**WHAT YOU HAVE TO DO:**
Your copy should run exactly from the line containing "Remove the float" to the last line of the entries below, and it should include no pictures.

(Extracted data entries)

--- START ---

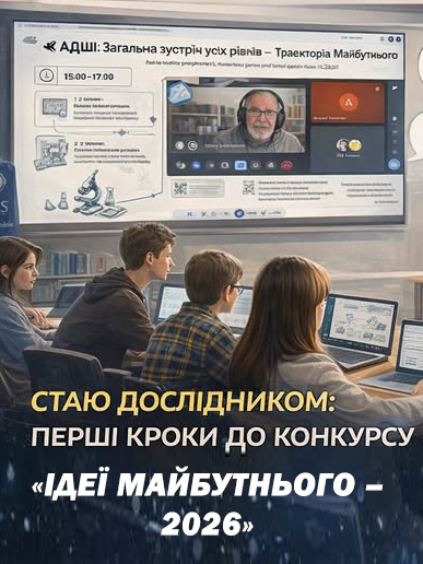 АДШІ – це простір, де вчаться не тільки генерувати ідеї, а й мислити відповідально, аргументувати, доводити, захищати. Попереду – доопрацювання текстів, підготовка візуалізацій, структурування доповідей. Попереду – наукова дискусія. Ми не просто готуємося до конкурсу. Ми формуємо культуру дослідження.
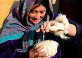 A woman spinning thread from sheep wool in Dashte Barche area of Kabul city.
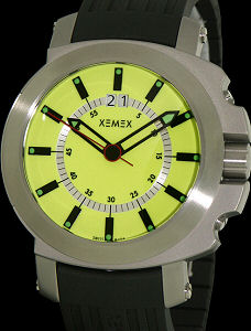 Xemex Concept One Big Date model 6002.03. Swiss quartz movement. Stainless steel case with rubber band. Bright yellow dial with "Grande Guichet" date at 12 o`clock, luminous hands and indexes.
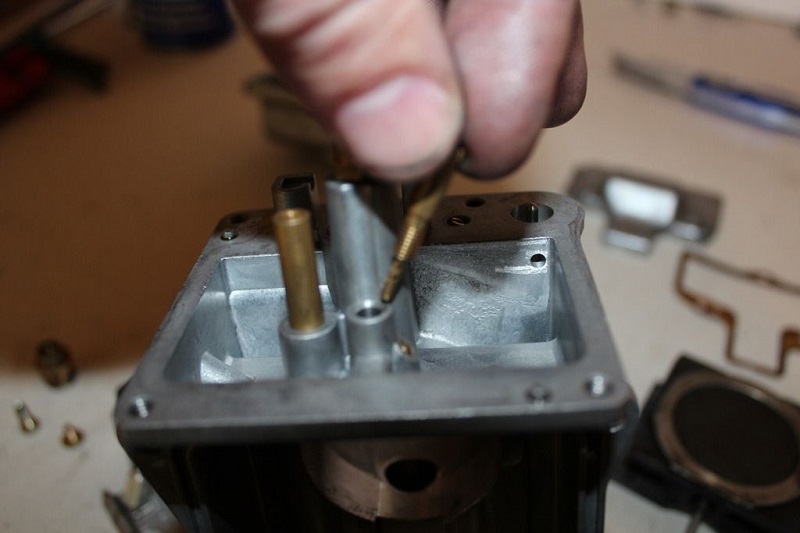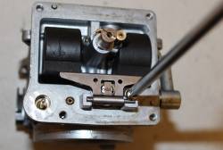 Remove the float assembly by unscrewing the float pin screw. The plunger of the needle valve assembly will come out with it.
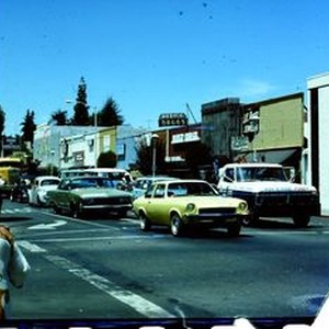 Slide, color transparency: Street scene of Main Street Sebastopol circa 1977. Medico Drugs is seen.
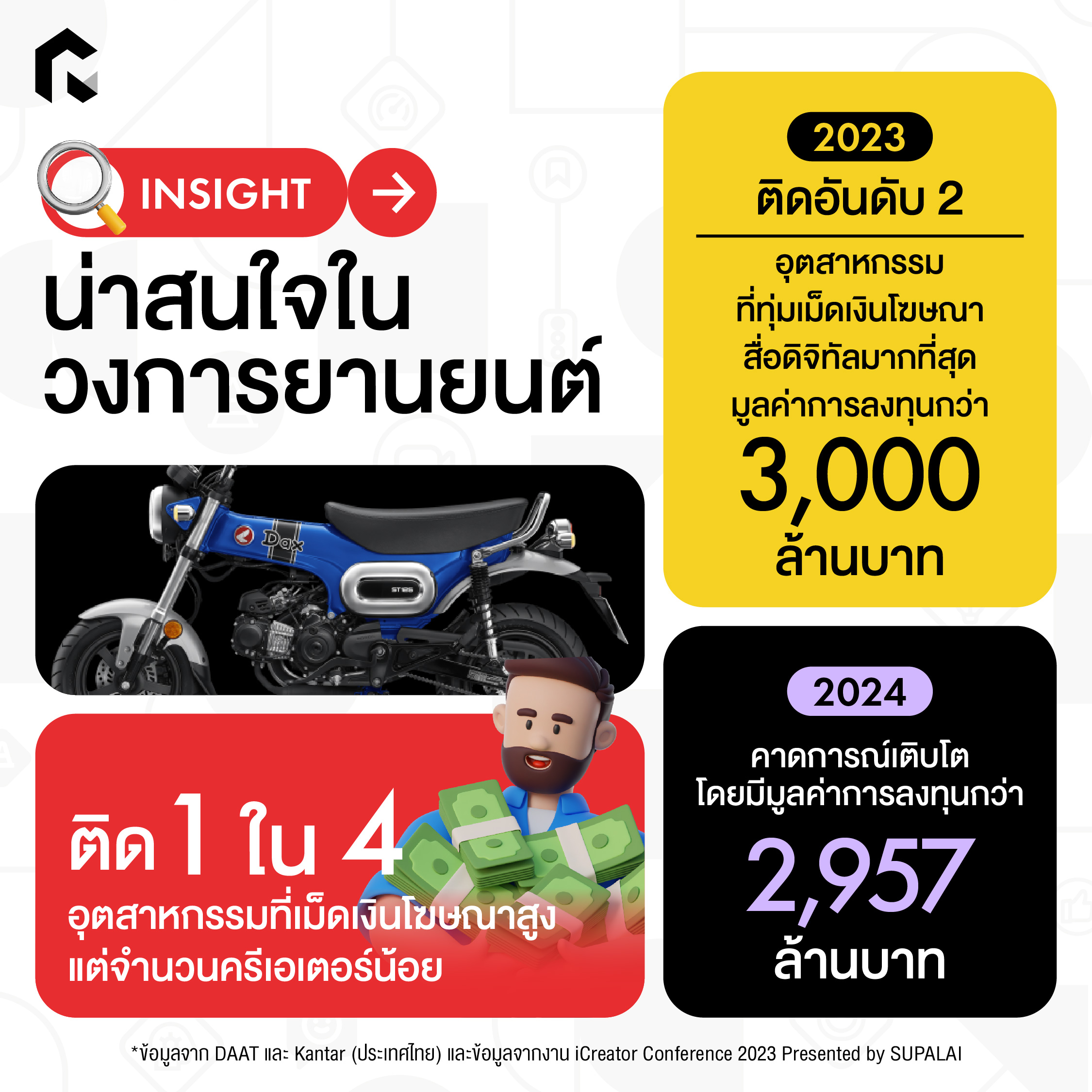 - อุตสาหกรรมยานยนต์ติด 1 ใน 4 อุตสาหกรรมที่เม็ดเงินโฆษณาสูง แต่จำนวนครีเอเตอร์น้อย

--- END ---

**SOLUTION:**
 Remove the float assembly by unscrewing the float pin screw. The plunger of the needle valve assembly will come out with it.
 Slide, color transparency: Street scene of Main Street Sebastopol circa 1977. Medico Drugs is seen.
 - อุตสาหกรรมยานยนต์ติด 1 ใน 4 อุตสาหกรรมที่เม็ดเงินโฆษณาสูง แต่จำนวนครีเอเตอร์น้อย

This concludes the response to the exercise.